Review for "Re-assembly, quality evaluation, and annotation of 678 microbial eukaryotic reference transcriptomes"

Completed on 25 May 2018 by Konrad Foerstner.

Login to endorse this review.

Comments to author

The manuscript by Johnson et al. describe the re-analysis of the Marine Microbial Eukaryotic Transcriptome Sequencing Project (MMETSP). The authors have generate a new computational pipeline for the de novo assembly (using Trinity de novo) of the RNA-Seq reads of several hundred transcriptomes as well as downstream a set of scripts to compare the outcome with the results of the original publication (which used Trans-ABySS for the assembly).

The current manuscript is a great example that shows the value of revisiting old data sets with new computational tools. The authors put strong focus on reproducibility of their analysis. The effort for this should not be underestimated and the work can serve as a blueprint for similar data re-analysis projects.
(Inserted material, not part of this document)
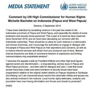 BEBERAPA waktu lalu Komisionir Tinggi HAM PBB Michelle Bachelet, dalam pernyataan resmi pada hari rabu tanggal 4 September 2019 menegaskan dirinya terganggu dengan meningkatnya kekerasan terhadap rakyat Papua dan Papua Barat dalam dua pekan terakhir.

I see no major issue in this work but still would like to have a few smaller ones addressed:

* The manuscript is currently rather descriptive and has only a few explanations why there are certain differences in the presented assembly approaches. E.g. what are the reasons for the observation displayed in Figure 4 that there so many more unique k-mers in the DIB than in the NCGR set? Maybe not all results can be explained mechanistically but least at some potential reasons could be discussed.

* The authors write: "We used a different pipeline than the original one used to create the NCGR assemblies, in part because new software was available [8] and in part because of new trimming guidelines [27]". Is [8] really the correct reference here? If so this has to be further explained.

* I think figures 2, 3 and 5 are not red green blind safe.

* In the script collection uploaded to Zenodo I personally would have removed the "pycache" folder and the containing Python byte code files (*pyc). Or do they have any purpose / contain useful information?

* The supplementary notebooks could additionally be uploaded as ipyn files.

* The authors have a configuration file for user specif paths but this is not strictly used. In "" another "basedir" variable is set and in even the full path for Trimmomatic is set ("/mnt/home/ljcohen/bin/Trimmomatic-0.33/trimmomatic-0.33.jar"). This make the reuse of the framework harder.

* While I understand that it is sometime needed due to dependencies on old libraries I would like to discourage the use of Python 2.7 (aka "legacy Python") in currently research projects and would strongly recommend to use a current Python version (3 and higher) instead.